Defining Food Is Medicine

The American Heart Association defines food is medicine (FIM) as the provision of healthy food such as produce prescriptions, medically tailored groceries and medically tailored meals to treat, manage or prevent diet-related health conditions in a way that is integrated with and paid for by the health care sector. Patients are referred to these services by a health care professional, health care organization or health insurance plan.

Preliminary evidence suggests that incorporating FIM programs into health care may improve health outcomes, reduce health care utilization and costs, address health disparities and reduce nutrition and food insecurity for patients living with diseases impacted by what they eat. Robust research funded by Health Care by Food, as well as among the broader FIM community, seeks to identify clinical efficacy and cost effectiveness to sustainably support and scale access for improved diet-related disease outcomes. An inherent challenge is that FIM as a health care intervention lacks a standard definition to successfully take FIM to scale and fully integrate it into the health care delivery system. Stakeholders and policymakers must establish a standardized and targeted definition for FIM interventions.
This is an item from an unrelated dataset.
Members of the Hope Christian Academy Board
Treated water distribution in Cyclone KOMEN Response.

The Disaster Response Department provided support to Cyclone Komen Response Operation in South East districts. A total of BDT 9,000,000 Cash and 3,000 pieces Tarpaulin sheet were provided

Recognizing the inextricable link between nutrition and health, and the soaring burden and cost of diet-related health conditions, FIM interventions are increasingly gaining attention from policymakers, payors and health care professionals as a promising approach to address acute and chronic health conditions in the health care setting. Food is medicine is distinct from, yet complementary to, food and nutrition assistance programs and population-level healthy food policies and programs.
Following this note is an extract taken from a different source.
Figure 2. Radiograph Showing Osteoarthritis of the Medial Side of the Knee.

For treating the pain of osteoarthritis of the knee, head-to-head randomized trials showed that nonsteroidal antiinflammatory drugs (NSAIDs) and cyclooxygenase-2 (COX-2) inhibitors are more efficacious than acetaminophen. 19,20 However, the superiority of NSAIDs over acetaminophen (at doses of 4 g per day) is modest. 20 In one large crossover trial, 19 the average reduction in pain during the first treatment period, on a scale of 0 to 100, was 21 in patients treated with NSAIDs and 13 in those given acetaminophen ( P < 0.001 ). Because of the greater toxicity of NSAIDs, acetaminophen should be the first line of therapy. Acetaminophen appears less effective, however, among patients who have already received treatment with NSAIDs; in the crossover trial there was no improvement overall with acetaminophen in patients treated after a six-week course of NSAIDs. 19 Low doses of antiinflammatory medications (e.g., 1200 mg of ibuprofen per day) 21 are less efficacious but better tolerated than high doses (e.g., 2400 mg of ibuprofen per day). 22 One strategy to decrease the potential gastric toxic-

Food Is Medicine Interventions

A FIM treatment plan for an individual with a defined medical diagnosis must be prescribed by a health care professional or health plan. These plans are often accompanied by nutrition education and/or counseling and paired with support services provided by registered dietitian nutritionists or community health workers. Food sourcing varies across FIM programs and often incorporates community partners. FIM interventions commonly include:
Healthy Food Prescription Programs

Produce Prescriptions

Produce prescriptions (PRx) are designed to increase access to fruits and vegetables for those who either have or are at risk for a diet-related condition. These may take the form of a financial incentive, in which participants receive vouchers or electronic cards to purchase or redeem fruits and vegetables of their choice at a retail store, farmers market or online. Alternatively, participants may receive a box of fruits and vegetables, commonly with pre-selected produce. Typically, PRx are provided to people who screen positive for food insecurity in a clinical setting or have a low income and a diet-related chronic condition, such as type 2 diabetes.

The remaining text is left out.